## YOUR GOAL
Copy exactly the lines of the data below, beginning with the line with "Grease the cake" and ending with the line with "If the undervolt". Pictures are to be omitted.

## INFORMATION SHOWN
────────────────────

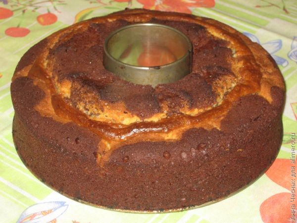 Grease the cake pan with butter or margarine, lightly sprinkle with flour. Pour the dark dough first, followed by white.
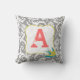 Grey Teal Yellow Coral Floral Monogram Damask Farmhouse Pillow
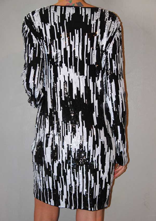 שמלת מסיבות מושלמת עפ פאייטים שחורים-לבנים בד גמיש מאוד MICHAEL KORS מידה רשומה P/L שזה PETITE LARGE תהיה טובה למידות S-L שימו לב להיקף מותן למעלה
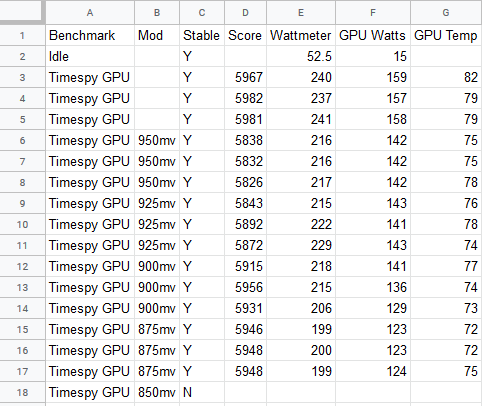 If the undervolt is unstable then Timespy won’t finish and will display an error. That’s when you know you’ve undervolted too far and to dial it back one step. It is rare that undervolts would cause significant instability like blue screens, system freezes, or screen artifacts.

────────────────────

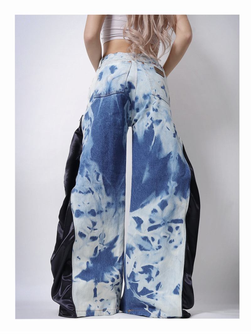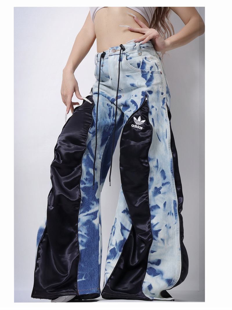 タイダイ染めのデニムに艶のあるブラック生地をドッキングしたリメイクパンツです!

────────────────────

## THE COMPLETED TASK
 Grease the cake pan with butter or margarine, lightly sprinkle with flour. Pour the dark dough first, followed by white.
 Grey Teal Yellow Coral Floral Monogram Damask Farmhouse Pillow
 שמלת מסיבות מושלמת עפ פאייטים שחורים-לבנים בד גמיש מאוד MICHAEL KORS מידה רשומה P/L שזה PETITE LARGE תהיה טובה למידות S-L שימו לב להיקף מותן למעלה
 If the undervolt is unstable then Timespy won’t finish and will display an error. That’s when you know you’ve undervolted too far and to dial it back one step. It is rare that undervolts would cause significant instability like blue screens, system freezes, or screen artifacts.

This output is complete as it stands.